[PATCH] ARM: Kirkwood: fix unused mvsdio gpio pins

Sebastian Hesselbarth sebastian.hesselbarth at gmail.com
Sat Mar 23 13:33:42 EDT 2013


On 03/23/2013 05:30 PM, Thomas Petazzoni wrote:
> Dear Sebastian Hesselbarth,
>
> On Sat, 23 Mar 2013 16:25:54 +0100, Sebastian Hesselbarth wrote:
>
>> I understand that you proposed patch fixes mvsdio grab mpp0 by accident.
>> But what if you have a kirkwood board where cd-gpio _is_ connected to mpp0?
>
> It didn't work with the existing mvsdio driver, so the purpose of my
> patch was merely to restore the old behavior, in order to avoid having
> to change all the instances of mvsdio_platform_data, knowing that those
> would anyway go away as we convert boards to the Device Tree.

Thomas,

I agree both approaches fix the same issue.

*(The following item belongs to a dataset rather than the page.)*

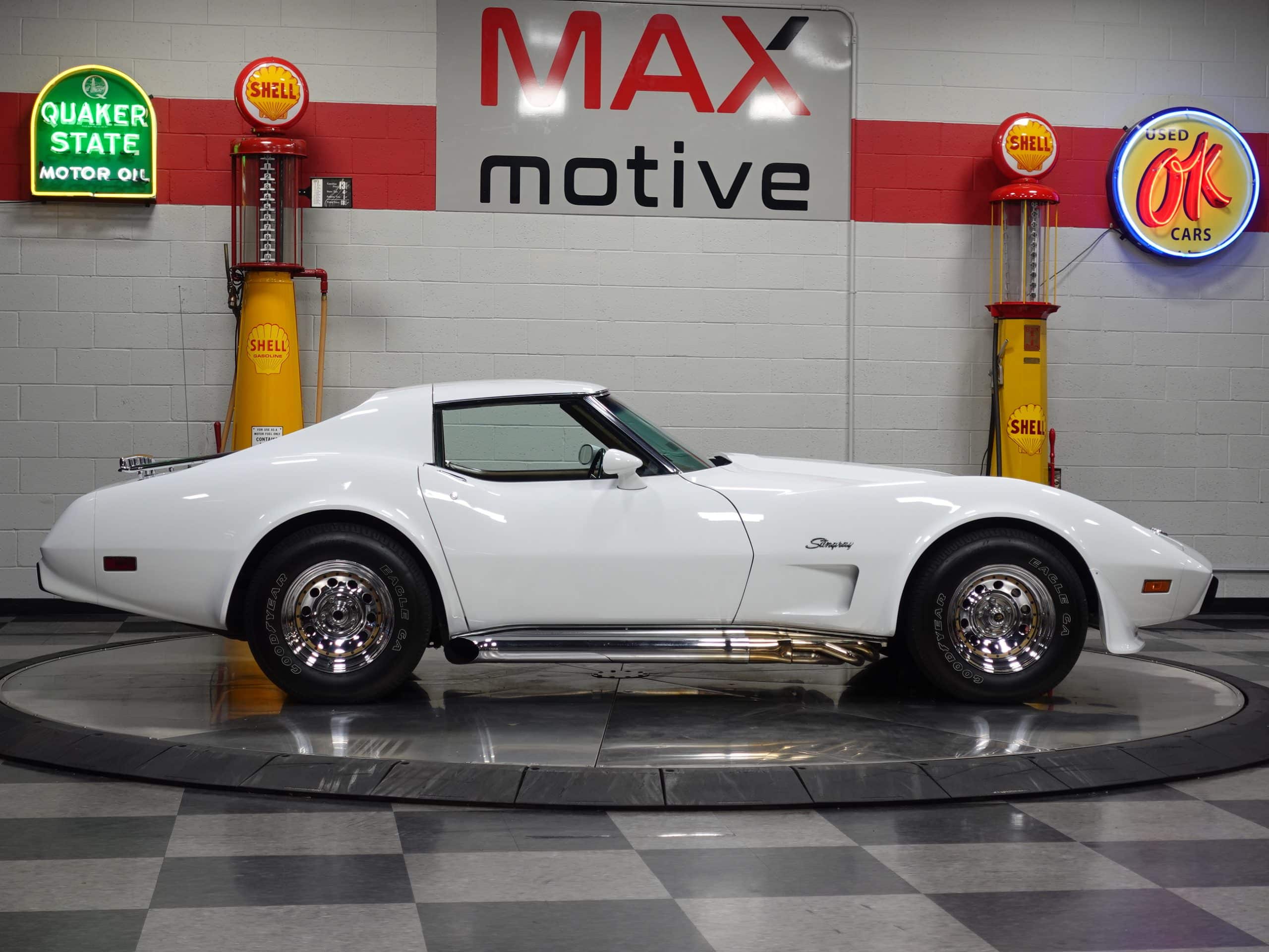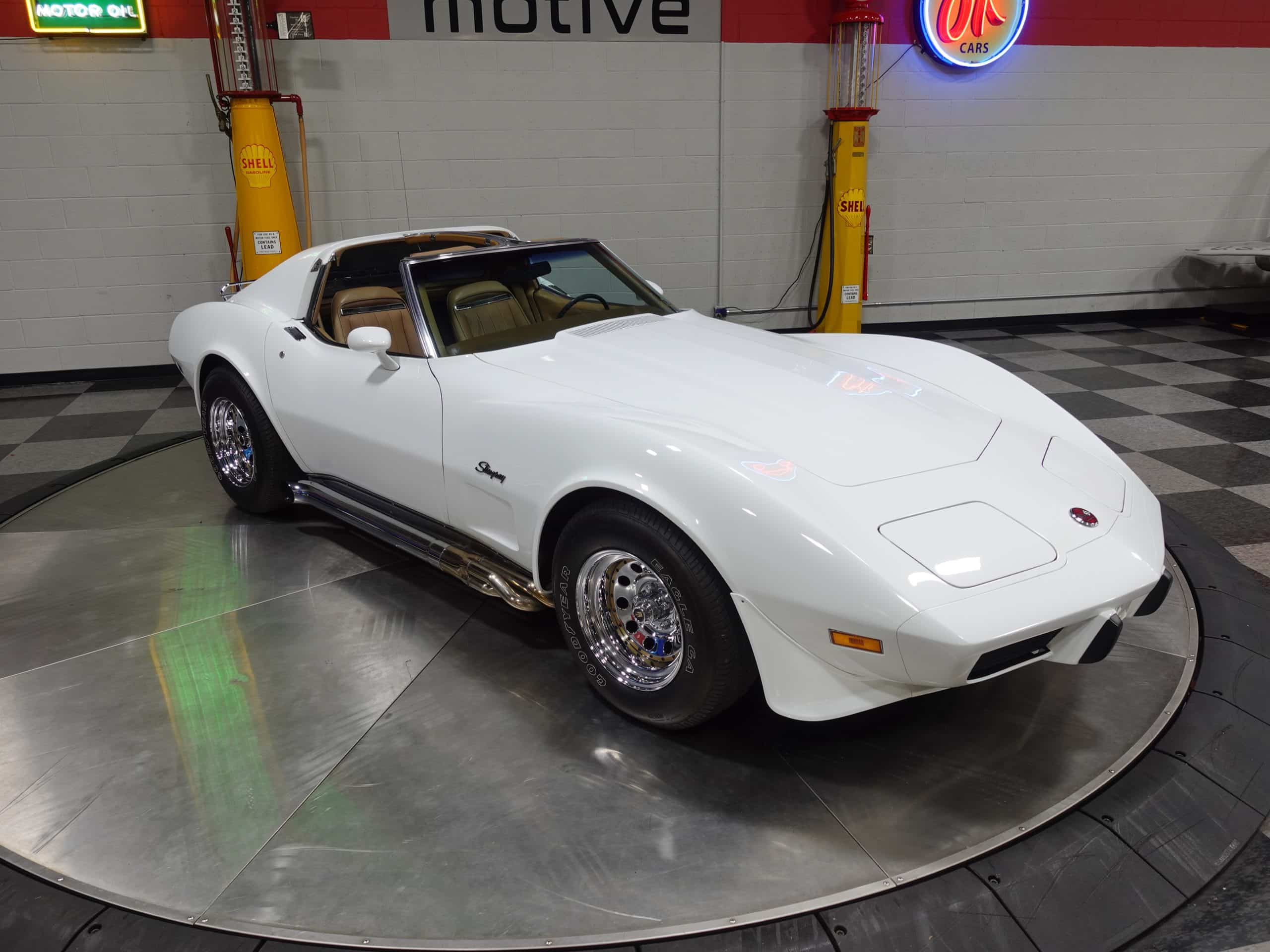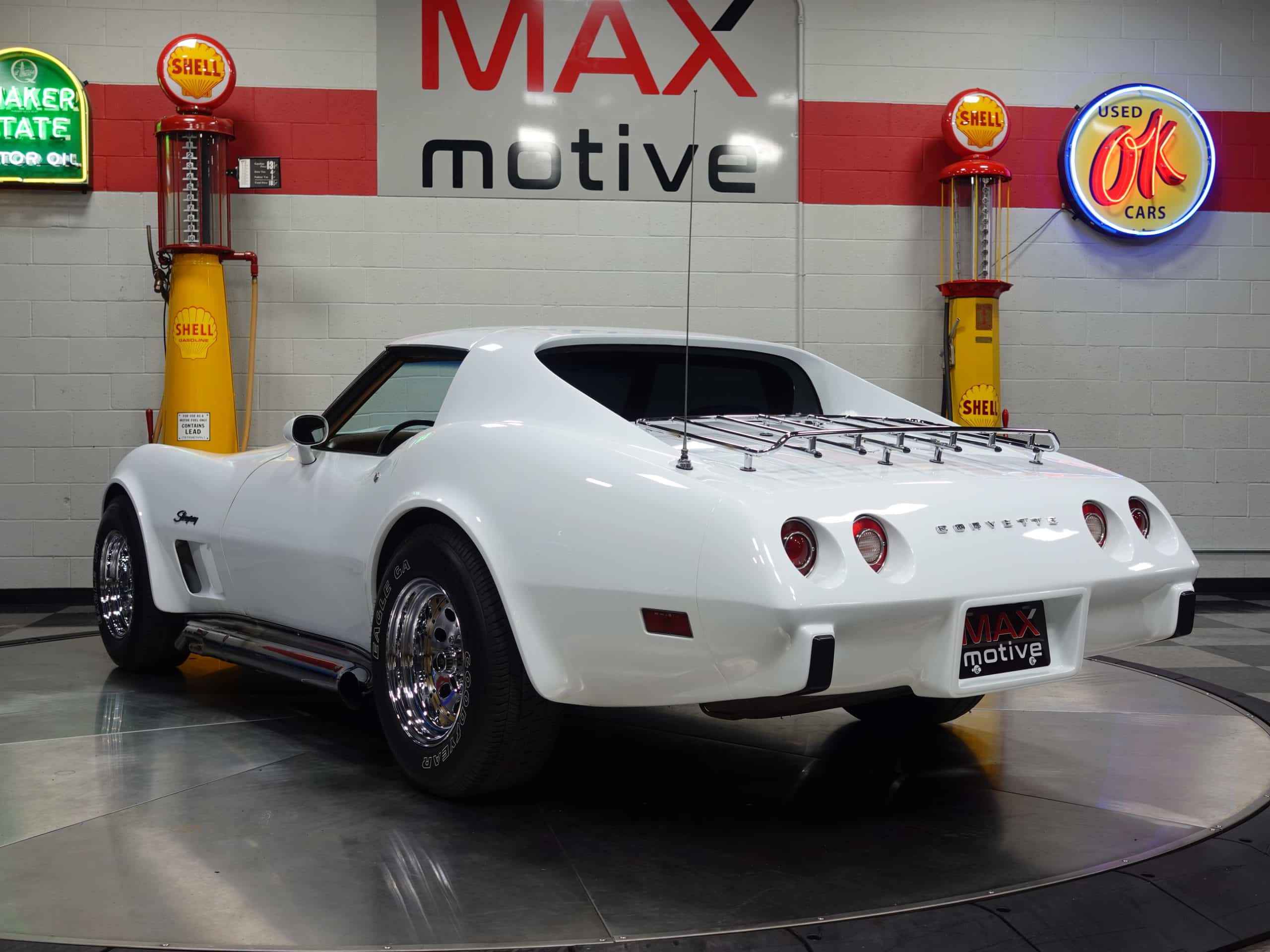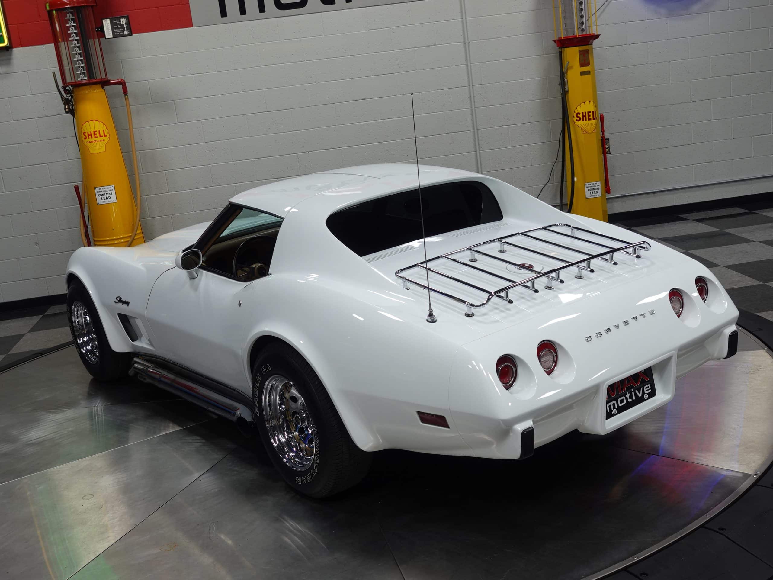 Here’s a classic hot rod in Classic White, a 1975 Chevrolet Corvette Stingray Coupe available from the MaxMotive Pittsburgh Showroom. It has the classic drivetrain consisting of a 350ci small block with a Holley 4-barrel and chrome Hooker Super Competition headers dumping into chrome side pipes, and a four-speed manual transmission with Hurst T-handle shifter. Chrome Keystone wheels are wrapped in outline white letter Goodyear Eagle radials. The Medium Saddle interior shows that this is an original air conditioned car, and a Sun Super Tach II and a SoundStream stereo with cassette have been added. It comes with the vinyl bags for the T-roofs for sunny-day cruising. This 1975 Chevrolet Corvette Stingray Coupe is ready for miles of cruising enjoyment. Be sure to check out the detailed photos at www.maxmotive.com.

I haven't seen your patch
earlier and was just proposing a patch for the same issue. You or Jason
are free to choose whatever patch you like.

>> Not that there is one I know of, but IMHO the only useful patch is to
>> set passed values to an invalid gpio number.
>
> To me, it remains a fragile way of doing things. Let's say tomorrow you
> add a new "int foo_gpio" field in mvsdio_platform_data. The whole
> purpose of C99 struct initializers is that you don't have to change all
> instances of the structure because all fields that are not initialized
> with .<field>  =<value>  are guaranteed to be zero. If you need to set
> foo_gpio to -1 everywhere when you add this field, it becomes quite
> annoying.

I understand that struct initialization with zero is done for a purpose.
But gpio = 0 is a valid gpio number and engineers will always count from
zero ;)

Given the fact that .gpio = 0 is valid, you would have to add some
.really_use_that_number_i_was_too_lazy_to_set = 1.. but mvsdio_plaform_data
won't stay long as you already pointed out, and I am happy with any fix
for the issue.

>>> That said, I have nothing against explicitly setting those GPIO values
>>> to an invalid value. Maybe -EINVAL would make more sense than just -1 ?
>>
>> Every invalid gpio number will be sufficient. But -EINVAL doesn't make
>> more sense than -1 does. Having no cd-gpio is not an "Invalid argument".
>
> It's just that I've seen -EINVAL being used on some other platforms, at
> least mach-at91/, but I agree it's not an invalid argument per se.

If you don't like -1, you can choose -ENOENT. But -1 has been used for ages
as "invalid" or "unused" so it was my first guess.